# Daylab 200



## Leung Ka Wing (May 26, 2006)

Anyone know the different between Daylab 200 and Daylab 35+?

Can Daylab 200 use different base such as 3x4 or sx70 base? Any comment about those two product? I really want to know. Thanks.:hail:


----------



## terri (May 26, 2006)

Honestly, I don't know. If you're in the market for a Daylab, I would stick with a 35 or 35+, simply because there is information on them out there, and they seem to be the only things listed (in addition to the 120 for MF) on the Daylab Corp. site. 

The 35+ allows you to shoot up to 4x5 sheet film with the appropriate film holder attachment. You gain a lot of choices that way.  
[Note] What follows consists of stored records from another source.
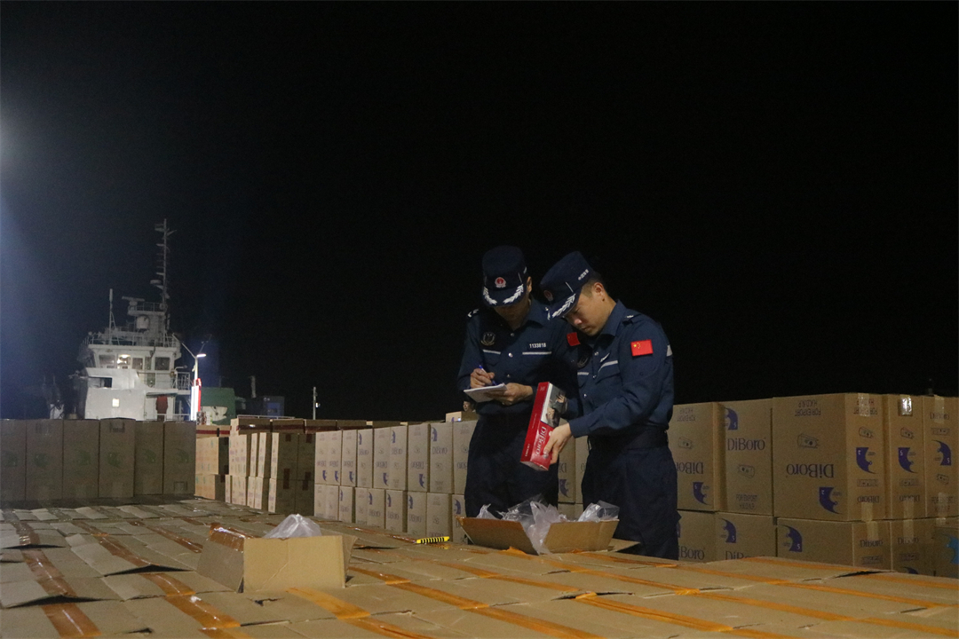 圖為煙草部門查驗(yàn)走私香煙。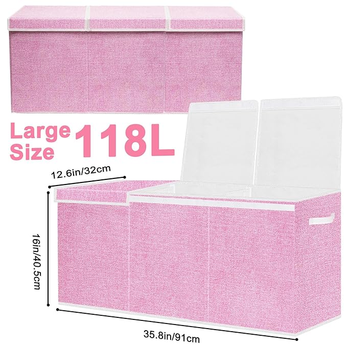 About This š¬[Extra Large Capacity Toy Box]This kids toy box measures 35.8"x12.6"x16"(91x32x40.5 cm),Can hold more than 118 liters.which is large...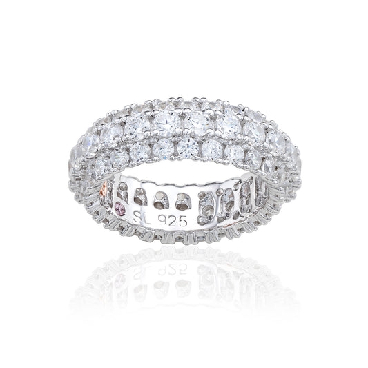 Suzy Levian Sterling Silver White Cubic Zirconia 3 Row Eternity Band

Not a whole lot of point in buying the SX-70 base, which was the most costly of them all, since the film that goes into them, Time Zero, has been discontinued by Polaroid.

Hope this helps.


----------



## Sir Duke (May 26, 2006)

I got the Daylab 35 as a gift, and was initially upset because I couldn't attach an 8x10 like you can with the 200.  Then I realized that I am not that I am just a beginner at the process.  If I get really good at it then I might buy a 200 with the 8x10 base.  This might sound silly, but the thing is, to do an 8x10 is expensive, and I can imagine it would be pretty tough.  I find it hard sometimes as a beginner to deal with lifts for a regular sized polariod.  And, I think it is between $150-$200 for a box of 15 exposures for the 8x10, and it is somewhat hard to find.

Get one they are lots of fun.


----------



## Leung Ka Wing (May 30, 2006)

I am really planning to buy one on ebay. I found Daylab II on b&h. Does anyone know the different between Daylab II and Daylab 200. In my plan,  I want the machine can make transfer from sx70 to 8x10. if anyone know the differents. please tell me! thanks


----------